Among the lines of the listing below, retype exactly those from the one containing "While some Christians" through the one containing "The Greatest Quarterback in NFL History", both included. Do not include pictures.

§ **Data**

-.-.-

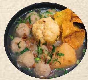
Bakso komplit malang
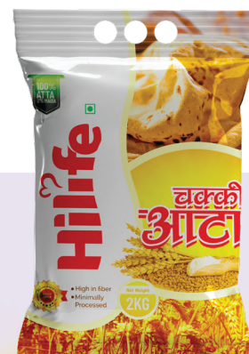
Chakki Aata POUCH 2KG

Hilife Chakki Atta is meticulously crafted from 100% whole wheat, offering you pure, nutrient-dense flour with no added maida. This freshly ground atta brings unparalleled softness and fluffiness to your rotis, making every meal a delightful experience. Perfect for a range of traditional dishes, it combines health and taste, infusing your cooking with the wholesome richness of whole wheat. Elevate your meals with Hilife Chakki Atta for a healthier, more flavorful dining experience.
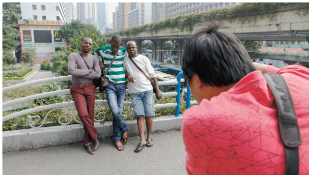
3_ DANIEL TRAUB, Zeng Xian Fang photographing three men, November 23, 2011 (video still)
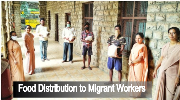
Food Distribution to Migrant Workers
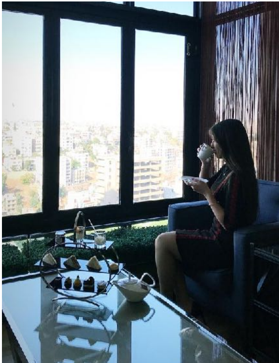
Personalised service delivered by a dedicated Club InterContinental Team
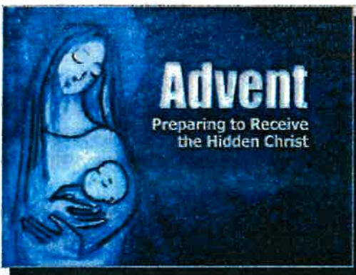
Catholic World Report

While some Christians fixate upon the return of Christ to the point that little else matters, Catholics should—especially during Advent—gaze upon and receive the Eucharist, knowing that it is why anything matters at all. In doing so, we proclaim his coming, anticipating the culmination of time and history.
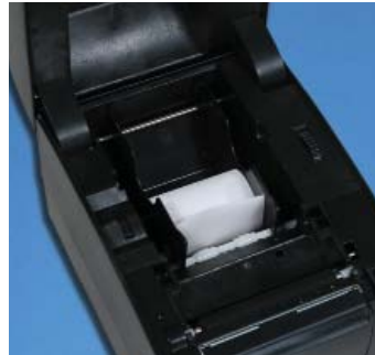
Drop and Print Paper Loading with an Adjustable Paper Width Selector
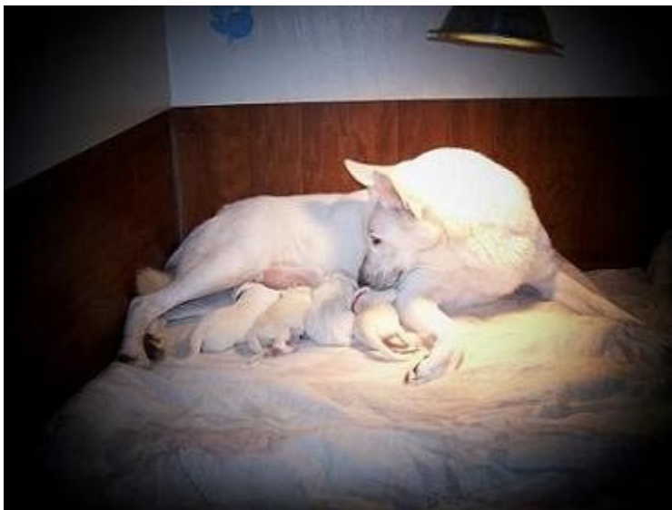
Missy and her 4 wonderful little babies at 1 day old

delivered 4 large beautiful, healthy puppies ranging in birth weight from 1 lb. 4 7/8 oz. to 1 lb. 2 1/8 oz. Everything this little girl does, she does Big!
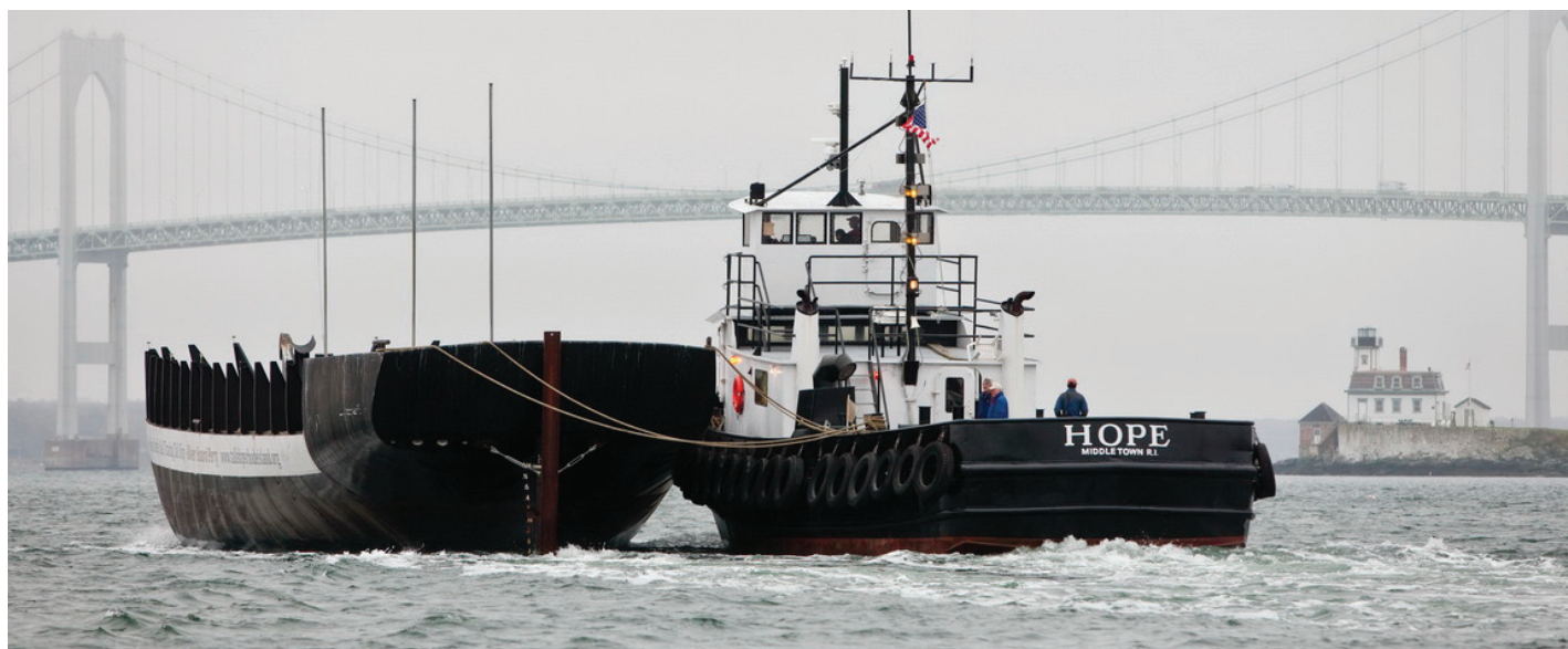
The hull of Rhode Island's future education at sea tall ship, SSV Oliver Hazard Perry , towed by Hope on its way to Providence for major construction work.
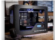
MakerBot Replicator 2X 3D printer gets the spotlight Review
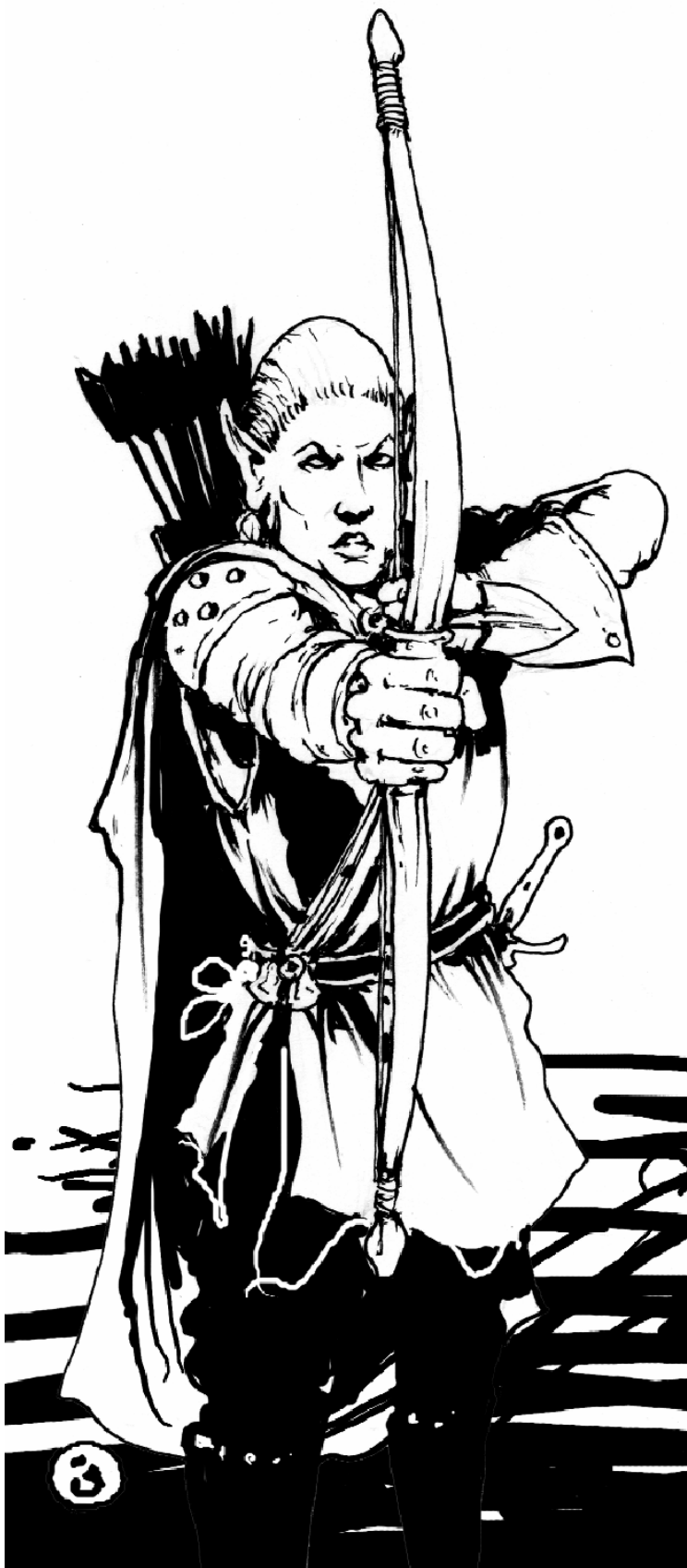
Table 3 The Outlander

Alertness, Dodge (Mobility, Spring Attack), Endurance, Expertise (Improved Disarm, Improved Trip, Whirlwind Attack), Great Fortitude, Iron Will, Lightning Reflexes, Mounted Combat (Mounted Archery),
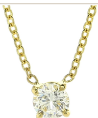
YELLOW GOLD NECKLACE
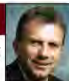
The Greatest Quarterback in NFL History

How to Turn Workplace Stress into Gridiron Success How to Have the Commitment and Passion of Champions How to Create a Winning Mindset Principles for Stellar Performance
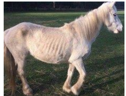
Before Equine Breathing

Bella lost a lot of weight after my injury and it was a big struggle for her to re-gain it. The difference in her since using the All Weather Breather is incredible!
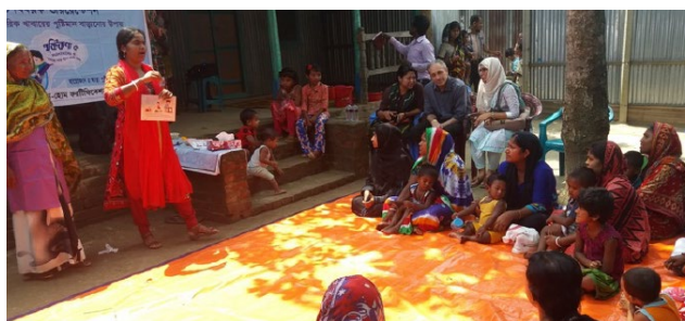
Figure 3: BRAC community health workers engaging with mothers about the micronutrient powders

The Maternal, Infant and Young Child Nutrition (MIYCN) Home Fortification Programme was implemented in 164 Upazilas (sub-districts) & 6 urban slums in Bangladesh (area coverage 33.3%) during July 2013–April 2018. The programme provided age-appropriate counselling on Infant and Young Child Feeding (IYCF) and home fortification to improve micronutrient intakes of 6–59 months of aged children in the rural and urban slum communities of the selected areas. BRAC’s community health workers visited the households of the targeted children to provide this intervention and sell micronutrients. 5 The total number of children aged 6–59 months reached was 5,358,604 for the full programme period by BRAC and SMC.
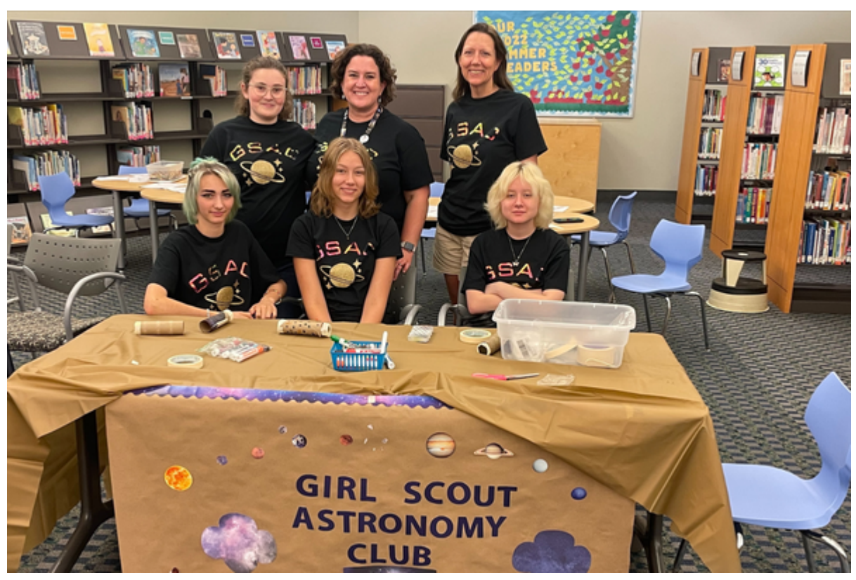
The GSSI Astronomy Club helped visitors make a simple telescope at the James Webb Space Telescope First Look Event at the EVPL Central Library on July 30.
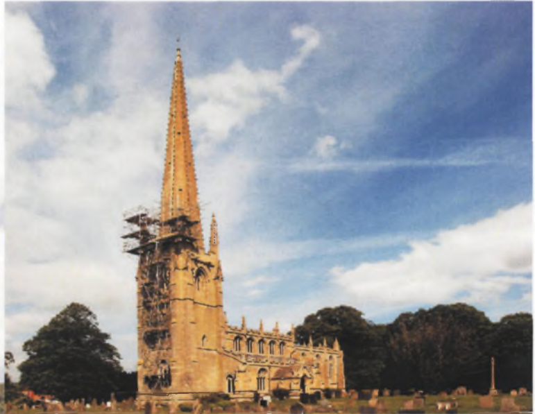
St. Helen's, Brant Broughton
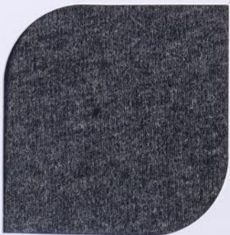
7# Charcoal grey
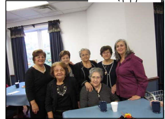
Residents enjoyed spending their afternoon with friends from St. Demetrios of Elmhurst. The sweets were delicious!
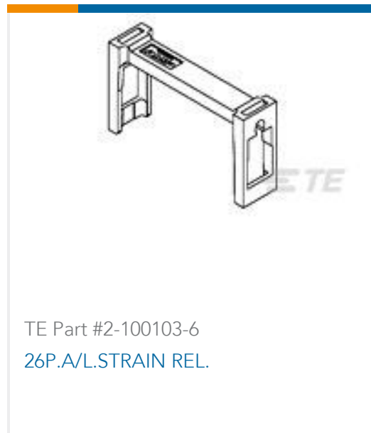
TE Part #2-100103-6 26P.A/L.STRAIN REL.

-.-.-

§ **Answer to the exercise**
While some Christians fixate upon the return of Christ to the point that little else matters, Catholics should—especially during Advent—gaze upon and receive the Eucharist, knowing that it is why anything matters at all. In doing so, we proclaim his coming, anticipating the culmination of time and history.
Drop and Print Paper Loading with an Adjustable Paper Width Selector
Missy and her 4 wonderful little babies at 1 day old

delivered 4 large beautiful, healthy puppies ranging in birth weight from 1 lb. 4 7/8 oz. to 1 lb. 2 1/8 oz. Everything this little girl does, she does Big!
The hull of Rhode Island's future education at sea tall ship, SSV Oliver Hazard Perry , towed by Hope on its way to Providence for major construction work.
MakerBot Replicator 2X 3D printer gets the spotlight Review
Table 3 The Outlander

Alertness, Dodge (Mobility, Spring Attack), Endurance, Expertise (Improved Disarm, Improved Trip, Whirlwind Attack), Great Fortitude, Iron Will, Lightning Reflexes, Mounted Combat (Mounted Archery),
YELLOW GOLD NECKLACE
The Greatest Quarterback in NFL History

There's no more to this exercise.